What are Agent Guardrails?
Safety mechanisms constraining AI agent behaviour within acceptable boundaries. Guardrails operate at multiple levels — from prompt instructions to infrastructure-level enforcement — to prevent agents from taking unauthorised or harmful actions through tool calls.
WHY IT MATTERS
Guardrails span three levels: prompt (natural language instructions telling the agent what not to do), application (code-level checks before executing tool calls), and infrastructure (external enforcement independent of the agent). Only infrastructure-level guardrails cannot be bypassed by prompt injection or agent reasoning.

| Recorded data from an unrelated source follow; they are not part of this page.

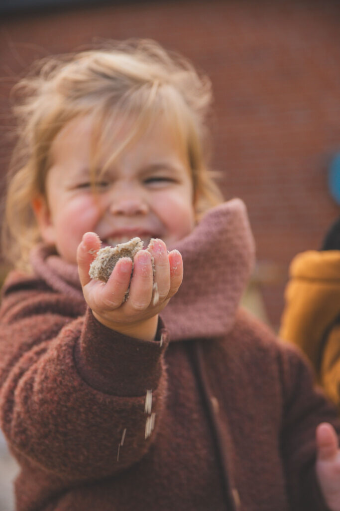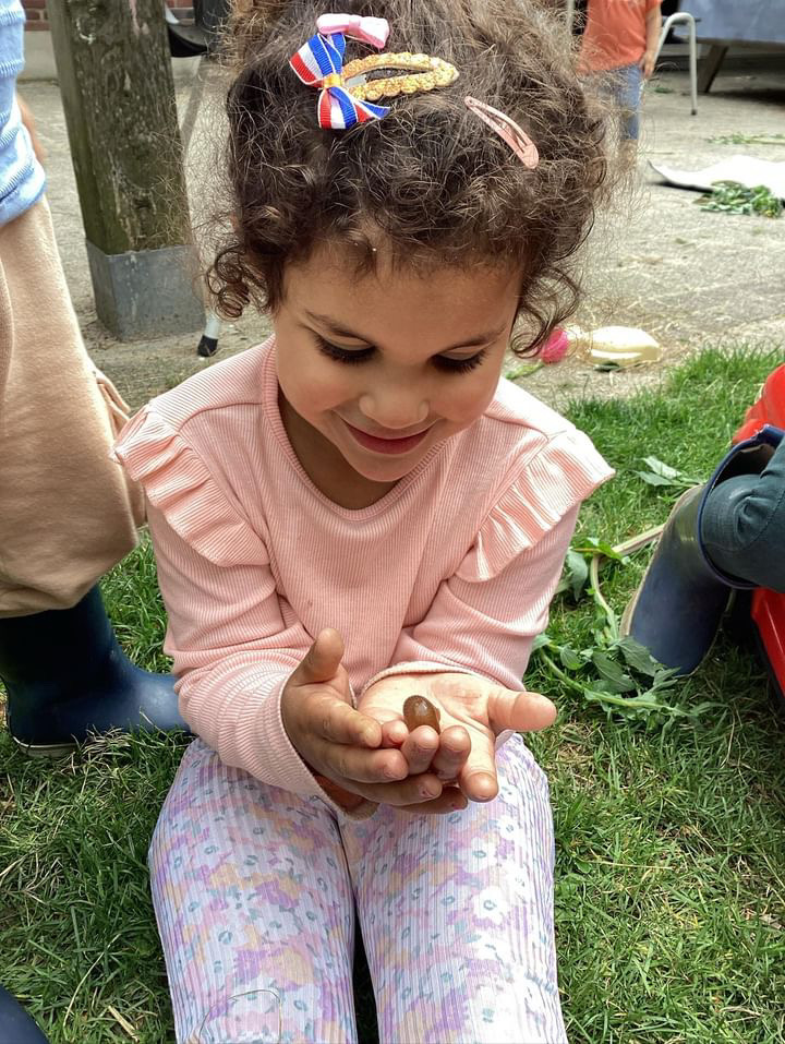 Tussen 7.30 uur (vervroegde opvang vanaf 7.00 uur) en 9.00 uur kunnen kinderen gebracht worden. Doorgaans gaan we in de ochtend en in de middag buitenspelen, ook met minder mooi weer. Ze kunnen dan in de uitdagende buitenruimte spelen, met een medewerker de moestuin in gaan of naar de dierenweide gaan. ’s morgens en ’s middags wordt er fruit/groente gegeten als tussendoortje en ’s middags krijgen kinderen vaak ook nog een zuiveltussendoortje.
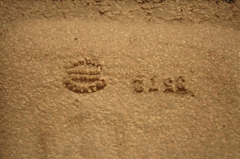 Søholm, Bornholm, relief med engel i brun/blå glasur på rødglaseret baggrund. Dek.nr. 3572. 15,5 x 15,5 cm. Pris: 250 kr.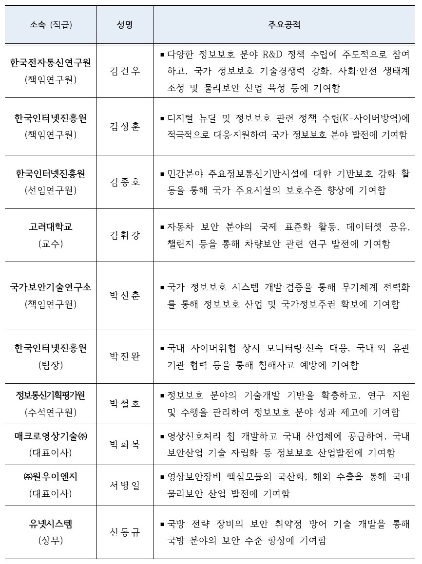 À̾î Á¤º¸º¸È£ ¹ßÀüÀ» À§ÇØ ³ë·ÂÇØ¿Â Á¤º¸º¸È£ À¯°øÀÚ 31¸í(ÈÆÀå 1Á¡, Æ÷Àå 2Á¡, ´ëÅë·É ǥâ 3Á¡, ±¹¹«ÃѸ® ǥâ 4Á¡, Àå°ü ǥâ 21Á¡)¿¡ ´ëÇÑ Á¤ºÎÆ÷»óµµ ÁøÇàµÆ´Ù. ±¹¹ÎÈÆÀå µ¿¹éÀåÀº Çѱ¹Á¤º¸±â¼ú¿¬±¸¿ø À¯ÁØ»ó ¿øÀå, ±¹¹ÎÆ÷ÀåÀº ±¹°¡º¸¾È±â¼ú¿¬±¸¼Ò ¹Ú»ó¿ì Ã¥ÀÓ¿¬±¸¿ø, ±ÙÁ¤Æ÷ÀåÀº ºÎ°æ´ëÇб³ À̰æÇö ±³¼ö°¡ °¢°¢ ¼ö»óÇß´Ù.

Prompt-level guardrails are easily circumvented — a well-crafted prompt injection can override any natural language instruction. Application-level guardrails are stronger but require code changes for every agent and tool. Infrastructure-level guardrails are the gold standard — they operate outside the agent entirely.
Best systems layer all three: prompts set intent, application code provides first-pass validation, infrastructure provides the hard stop that cannot be bypassed.
HOW POLICYLAYER USES THIS
Intercept is the infrastructure-level guardrail layer. As a transparent MCP proxy, it enforces YAML-defined policies on every tool call — independent of the agent's reasoning, immune to prompt injection, and requiring no code changes. If the policy says deny, the call is denied. The agent's LLM cannot override this decision.